[EXERCISE PROMPT]: Leaving the pictures aside, transcribe the data below exactly.

*** INPUT FOR THIS TASK ***

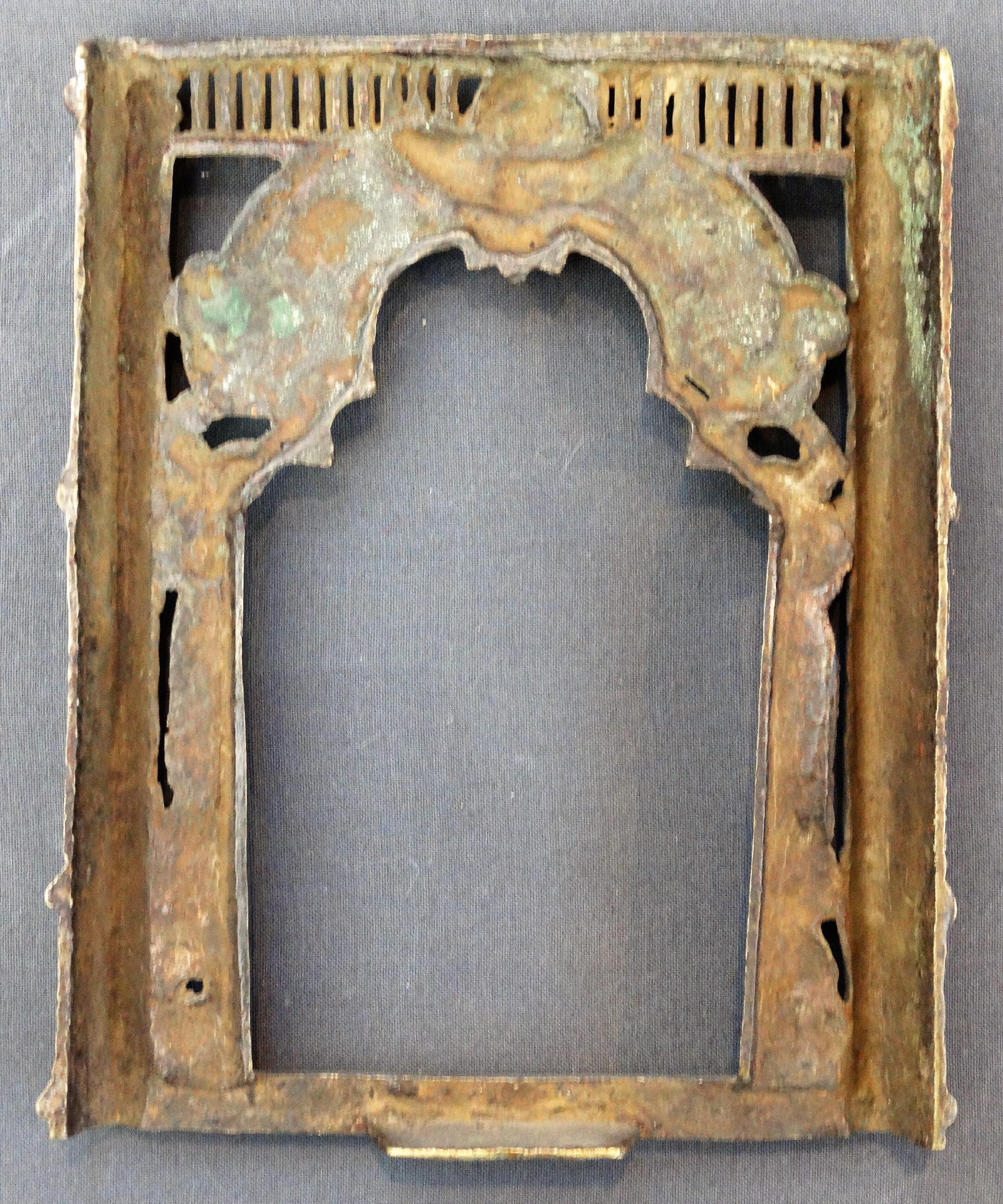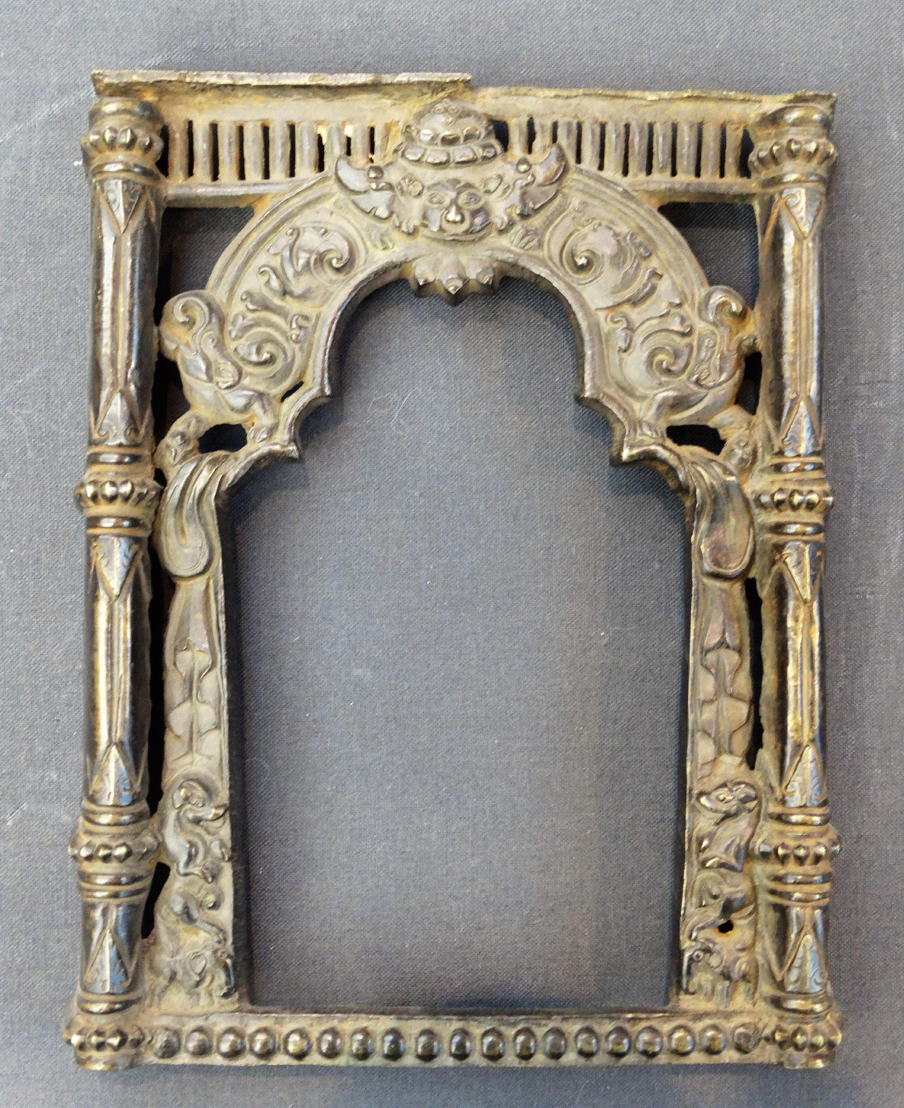 In top one sees a kirtimukha and two makaras; bottom two standing lions (vyalas) on small elephants.
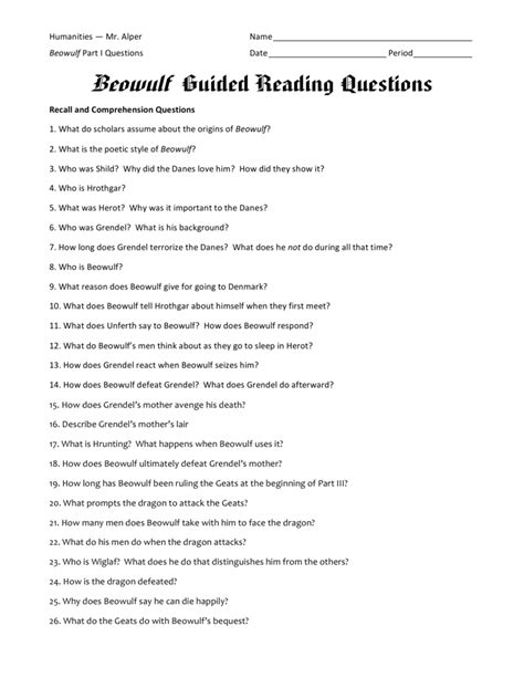 Beowulf Guided Reading Questions Answer Key. What feats has beowulf already accomplished [when he is introduced]? Web beowulf is is god's tool who makes sure it happens.
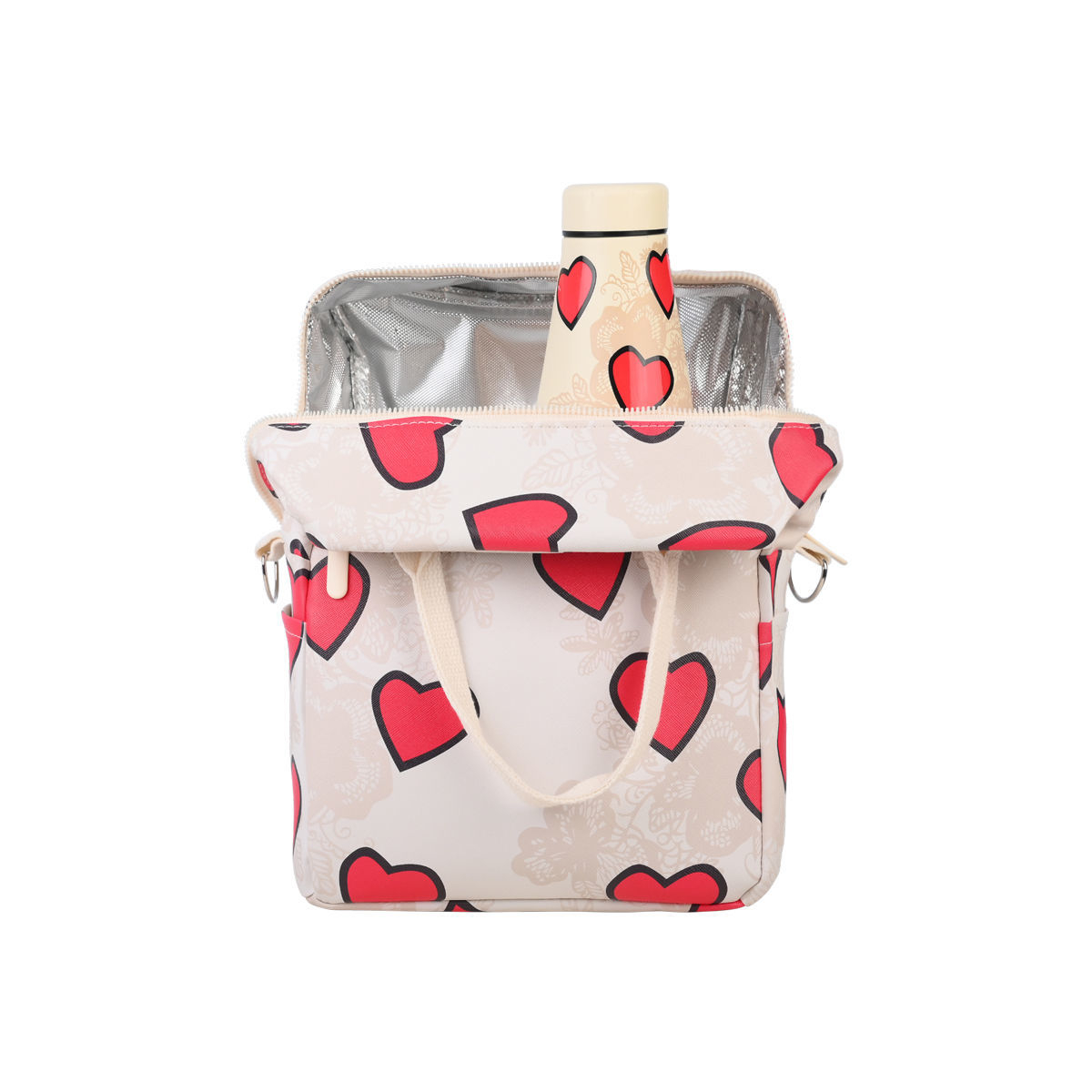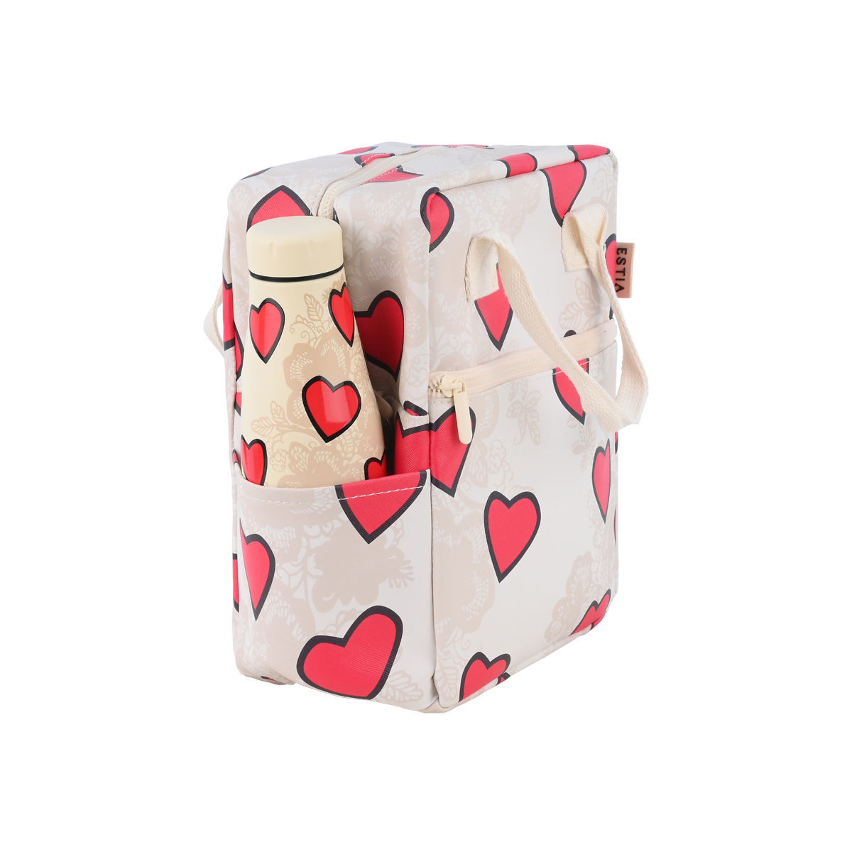 Ισοθερμική τσάντα φαγητού από την εταιρεία εstia από την σειρά "Save The Aegean". Έχει μπεζ φόντο με κόκκινες καρδιές στο σχέδιο. Η εταιρεία εstia συνεισφέρει στον οργανισμό "Save The Aegean" με 1% επί των πωλήσεων, για καθαρότερες θάλασσες και ένα καλύτερο αύριο. Η εξωτερική επιφάνεια της τσάντας είναι κατασκευασμένη από PVC leather, ένα ανθεκτικό συνθετικό υλικό που προσφέρει κομψή εμφάνιση και μεγάλη διάρκεια ζωής. Το υφασμα αυτό προσομοιώνει την εμφάνιση και υφή του φυσικού δέρματος, αλλά είναι κατασκευασμένο από PVC, ένα είδος πλαστικού. Εσωτερικά έχει ισοθερμική επένδυση που διατηρεί την θερμοκρασία του φαγητού ή του ποτού σας για περισσότερη ώρα. Διαθέτει 2 θέσεις για μπουκάλια, μία στην κύρια θήκη και μία εξωτερικά για να μένει το περιεχόμενο του μπουκαλιού σας στην κατάλληλη θερμοκρασία. Κλείνει με φερμουάρ και μεταφέρεται εύκολα χάρη στις πρακτικές λαβές της. Με εξωτερική θήκη που κλείνει με φερμουάρ για να τοποθετήσετε τα κλειδιά, το κινητό ή ότι άλλο χρειάζεστε. Ιδανική για το γραφείο, το σχολείο και οποιαδήποτε άλλη δραστηριότητα. Χωρητικότητα: 7lt.
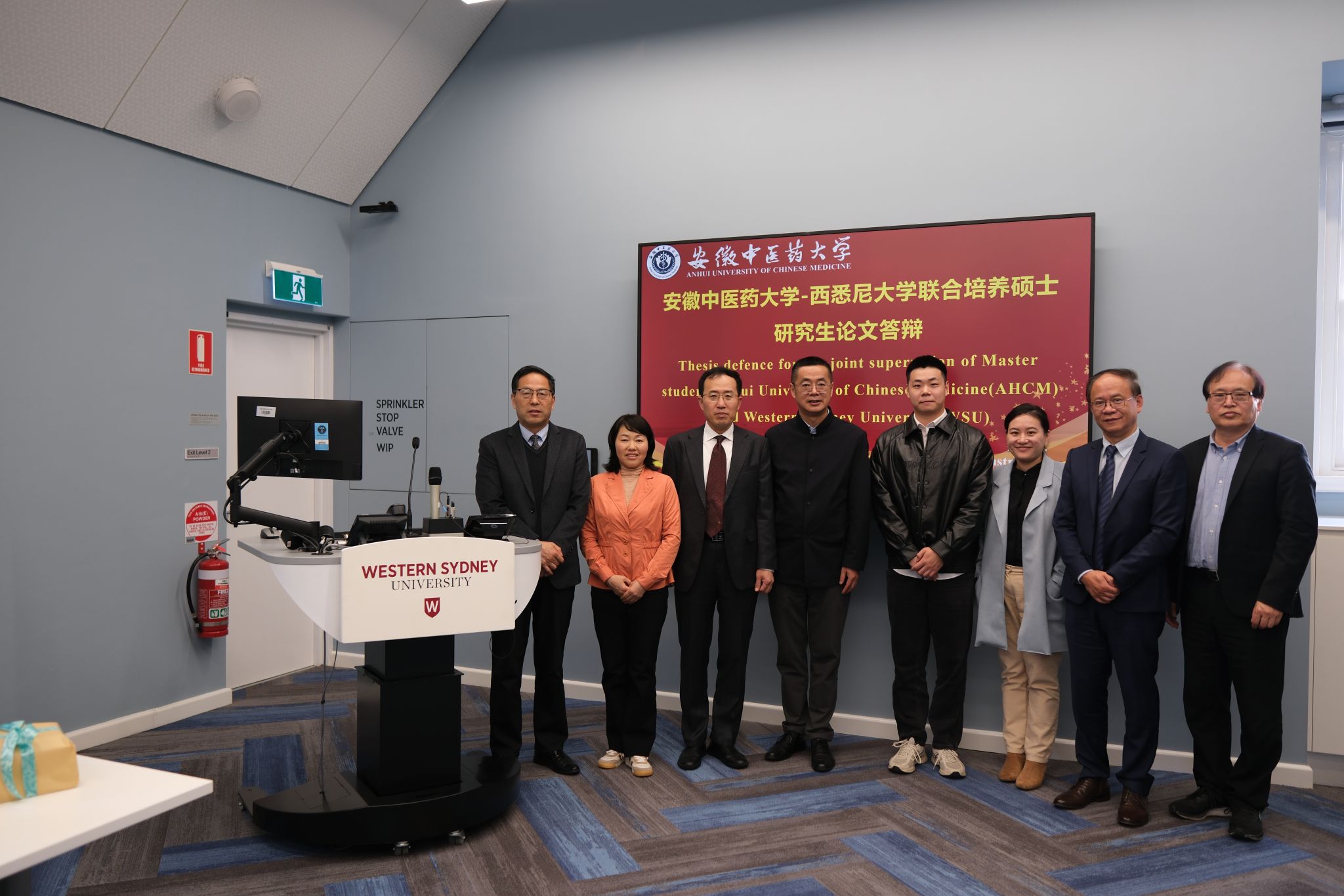 5月1日下午,在西悉尼大学NICM学术交流中心举行了我校中药学学科汪宁教授与西悉尼大学Phoebe Zhou博士两位导师联合培养的2021级中药学硕士研究生李嘉诚同学的毕业论文答辩会。答辩委员会由我校桂双英教授、王鹏教授、周亚东教授及西悉尼大学Dennis Chang教授、李春光教授五位专家组成。李嘉诚同学全过程采用英语方式汇报了自己的研究工作并回答了专家组提出的问题,最终经专家组无计名投票表决顺利通过论文答辩,为自身中外联合培养交流学习划上了圆满句号。
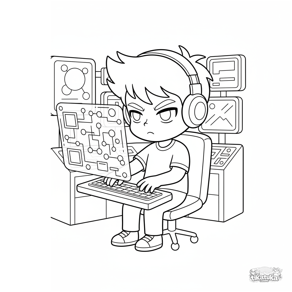 Ausmalbild für Kinder 7-9: Ein Programmiererjunge arbeitet an einer holographischen Schnittstelle im geheimen Hightech-Labor.
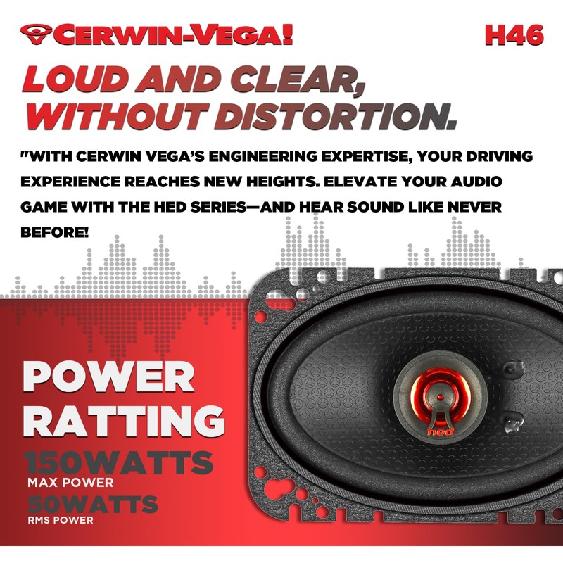 Elevate your car audio with the Cerwin Vega HED 2025 Edition H46, a 4” x 6” 2-way coaxial full-range speaker system designed to bring exceptional sound quality to your vehicle. As part of the HED Series, the H46 combines crystal-clear highs, full-bodied mids, and dynamic bass in a compact form, delivering a well-rounded, immersive listening experience. Whether you're enjoying your favorite tracks or simply cruising with your playlist, the H46 ensures your music sounds as vibrant as it should, every time you drive.
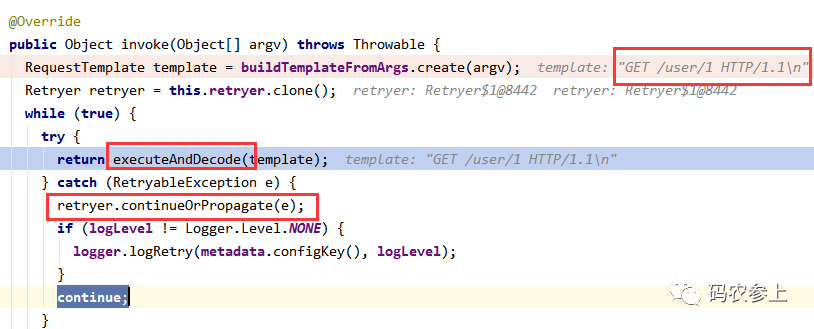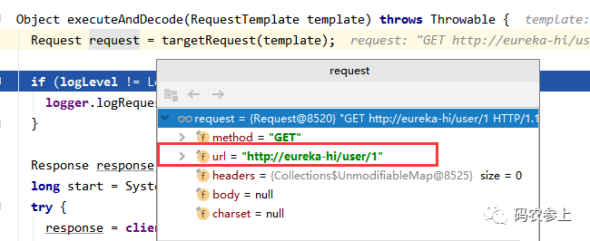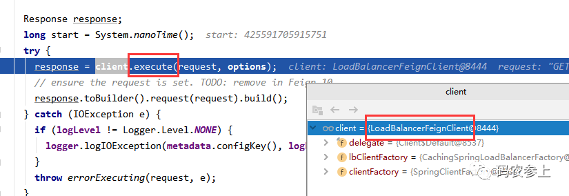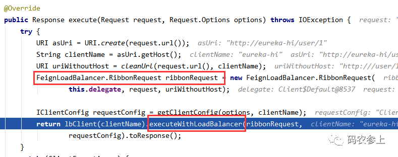 这里把请求交给了之前创建的 LoadBalancerFeignClient,执行了它的 execute 方法。和开头说的一样,和 Ribbon 类似的调用流程。只不过需要区别一下的是,Ribbon 是使用拦截器拦截请求,而 Feign 是使用动态代理的 invoke 方法对方法进行拦截并转发。
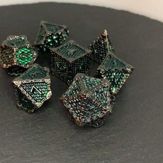 DnD Chromatic Green Dragonscale Solid Heavy Metal Polyhedral 7 Dice Set With A Fairtrade Cotton Storage Pouch (green/gunmetal)
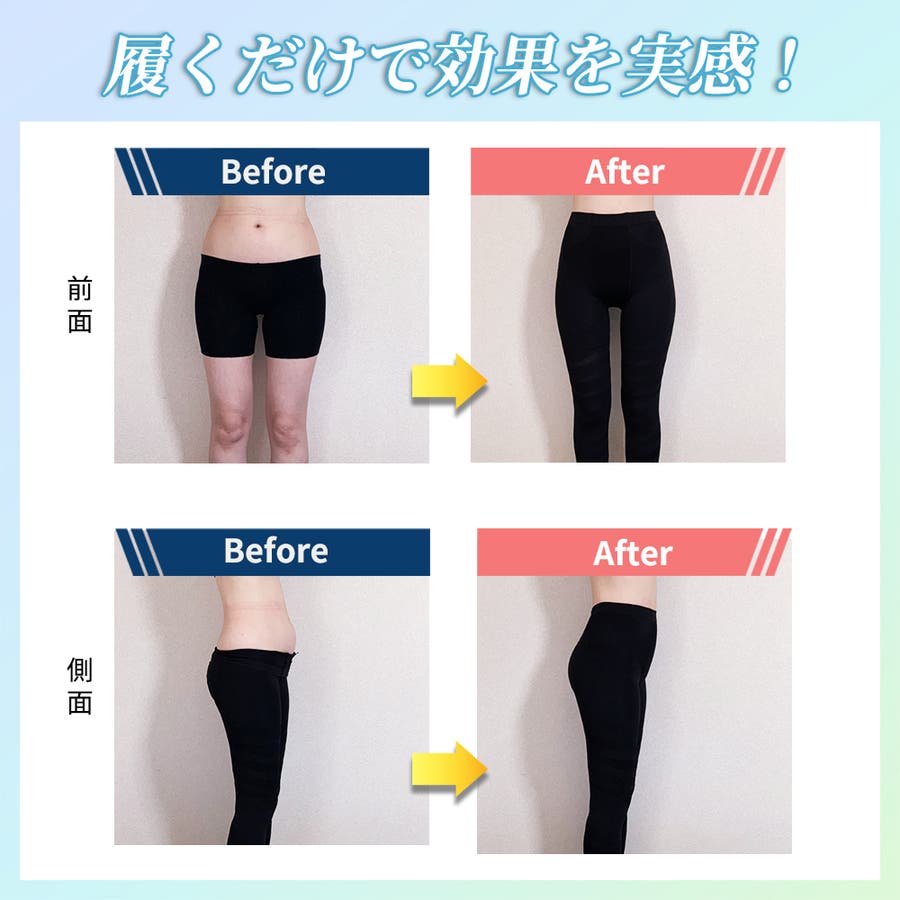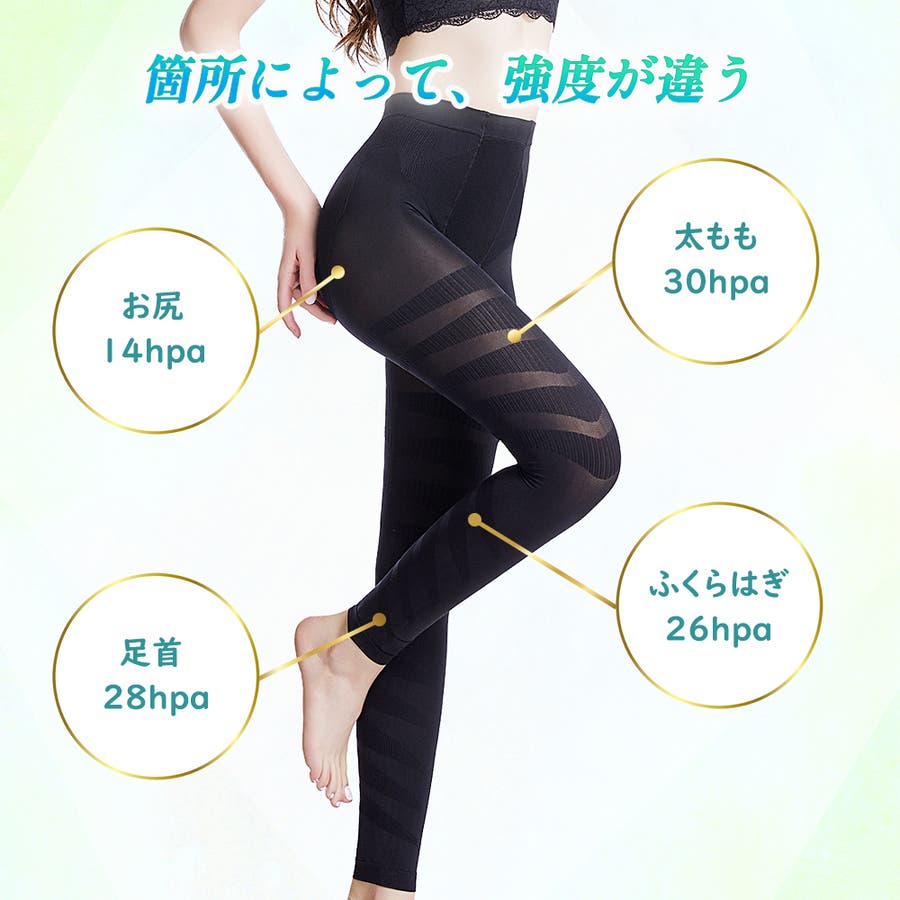 お腹から太もも、ふくらはぎまでを適度な着圧で包み込み、すっきりとしたボディラインを魅せます。長時間履いても動きやすく、デイリー使いにぴったりな快適なフィット感が魅力です。

***

[EXERCISE ANSWER]:
 In top one sees a kirtimukha and two makaras; bottom two standing lions (vyalas) on small elephants.
 Beowulf Guided Reading Questions Answer Key. What feats has beowulf already accomplished [when he is introduced]? Web beowulf is is god's tool who makes sure it happens.
 Ισοθερμική τσάντα φαγητού από την εταιρεία εstia από την σειρά "Save The Aegean". Έχει μπεζ φόντο με κόκκινες καρδιές στο σχέδιο. Η εταιρεία εstia συνεισφέρει στον οργανισμό "Save The Aegean" με 1% επί των πωλήσεων, για καθαρότερες θάλασσες και ένα καλύτερο αύριο. Η εξωτερική επιφάνεια της τσάντας είναι κατασκευασμένη από PVC leather, ένα ανθεκτικό συνθετικό υλικό που προσφέρει κομψή εμφάνιση και μεγάλη διάρκεια ζωής. Το υφασμα αυτό προσομοιώνει την εμφάνιση και υφή του φυσικού δέρματος, αλλά είναι κατασκευασμένο από PVC, ένα είδος πλαστικού. Εσωτερικά έχει ισοθερμική επένδυση που διατηρεί την θερμοκρασία του φαγητού ή του ποτού σας για περισσότερη ώρα. Διαθέτει 2 θέσεις για μπουκάλια, μία στην κύρια θήκη και μία εξωτερικά για να μένει το περιεχόμενο του μπουκαλιού σας στην κατάλληλη θερμοκρασία. Κλείνει με φερμουάρ και μεταφέρεται εύκολα χάρη στις πρακτικές λαβές της. Με εξωτερική θήκη που κλείνει με φερμουάρ για να τοποθετήσετε τα κλειδιά, το κινητό ή ότι άλλο χρειάζεστε. Ιδανική για το γραφείο, το σχολείο και οποιαδήποτε άλλη δραστηριότητα. Χωρητικότητα: 7lt.
 5月1日下午,在西悉尼大学NICM学术交流中心举行了我校中药学学科汪宁教授与西悉尼大学Phoebe Zhou博士两位导师联合培养的2021级中药学硕士研究生李嘉诚同学的毕业论文答辩会。答辩委员会由我校桂双英教授、王鹏教授、周亚东教授及西悉尼大学Dennis Chang教授、李春光教授五位专家组成。李嘉诚同学全过程采用英语方式汇报了自己的研究工作并回答了专家组提出的问题,最终经专家组无计名投票表决顺利通过论文答辩,为自身中外联合培养交流学习划上了圆满句号。
 Ausmalbild für Kinder 7-9: Ein Programmiererjunge arbeitet an einer holographischen Schnittstelle im geheimen Hightech-Labor.
 Elevate your car audio with the Cerwin Vega HED 2025 Edition H46, a 4” x 6” 2-way coaxial full-range speaker system designed to bring exceptional sound quality to your vehicle. As part of the HED Series, the H46 combines crystal-clear highs, full-bodied mids, and dynamic bass in a compact form, delivering a well-rounded, immersive listening experience. Whether you're enjoying your favorite tracks or simply cruising with your playlist, the H46 ensures your music sounds as vibrant as it should, every time you drive.
 这里把请求交给了之前创建的 LoadBalancerFeignClient,执行了它的 execute 方法。和开头说的一样,和 Ribbon 类似的调用流程。只不过需要区别一下的是,Ribbon 是使用拦截器拦截请求,而 Feign 是使用动态代理的 invoke 方法对方法进行拦截并转发。
 DnD Chromatic Green Dragonscale Solid Heavy Metal Polyhedral 7 Dice Set With A Fairtrade Cotton Storage Pouch (green/gunmetal)
 お腹から太もも、ふくらはぎまでを適度な着圧で包み込み、すっきりとしたボディラインを魅せます。長時間履いても動きやすく、デイリー使いにぴったりな快適なフィット感が魅力です。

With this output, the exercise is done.